=== Source material ===
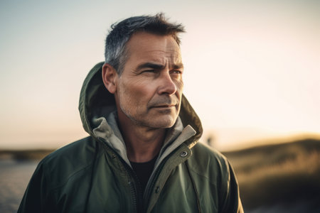 Portrait of a handsome middle-aged man in a green jacket on the beach
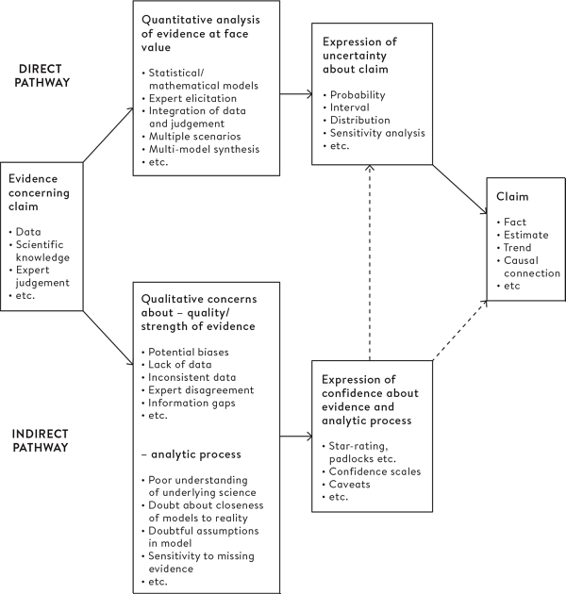 Этот пример также показывает, что, хотя научные исследования, как правило, достаточно хорошо признают неопределенность, любые рассчитанные пределы погрешности обычно слишком малы, поскольку они обусловлены тем, что все предположения статистической модели верны, а это уже стало клише, что "все модели ошибочны". Кроме того, у нас неизбежно возникает ощущение, что некоторые анализы лучше других, поскольку доказательства более весомы и понимание лучше. Многие организации, впервые появившиеся в разведывательном сообществе, сочли полезным выражать степень доверия к любому анализу, как это сделала наша команда при оценке количества людей, заразившихся гепатитом С в результате переливания инфицированной крови в Великобритании.
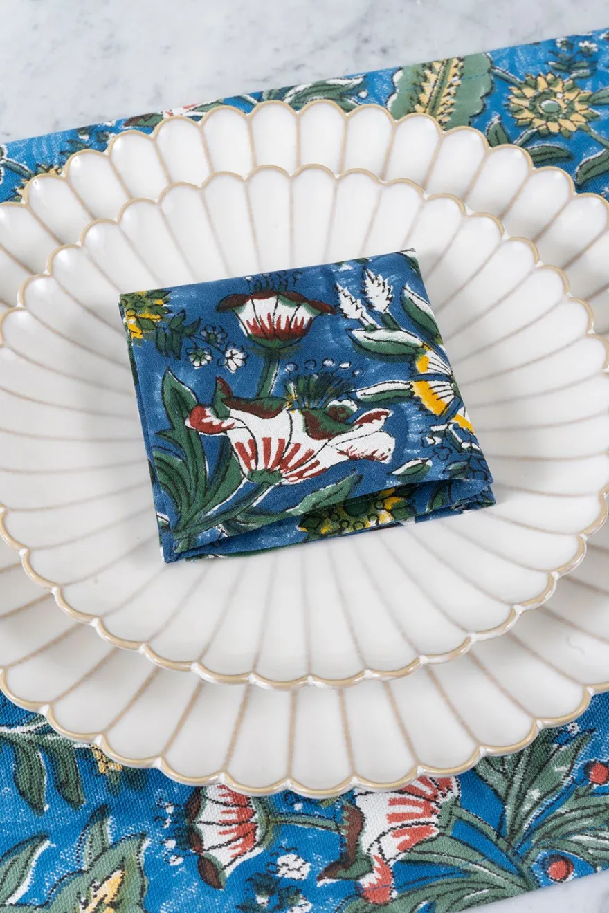 Servilleta cocktail 100% algodón con diseño Warsha, cuyo significado es “Lluvia”, pintada a mano en la India.
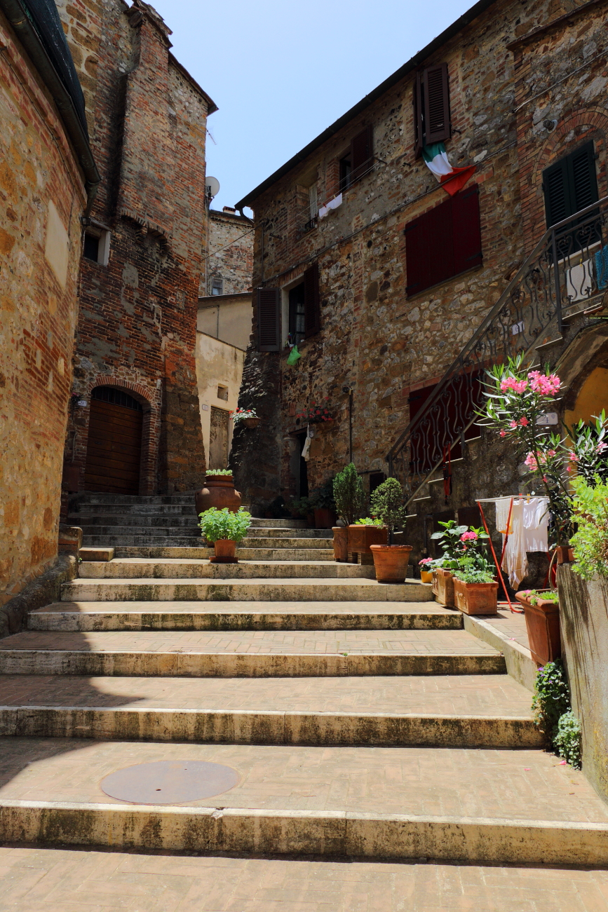 Suggerisco di proseguire a sinistra, raggiungendo dapprima PETROIO e poi proseguire sino a MONTEFOLLONICO sono entrambi dei piccolissimo borghi, arroccati su delle colline, con dei centri storici dove merita passeggiare in tranquillità osservando gli scorci dei vecchi edifici.

=== What the task asks ===
Copy out, unchanged, the span of lines beginning with the one that includes "Servilleta cocktail 100%" and running through the final line of the material above. Leave the pictures out.

=== Solution to the problem ===
 Servilleta cocktail 100% algodón con diseño Warsha, cuyo significado es “Lluvia”, pintada a mano en la India.
 Suggerisco di proseguire a sinistra, raggiungendo dapprima PETROIO e poi proseguire sino a MONTEFOLLONICO sono entrambi dei piccolissimo borghi, arroccati su delle colline, con dei centri storici dove merita passeggiare in tranquillità osservando gli scorci dei vecchi edifici.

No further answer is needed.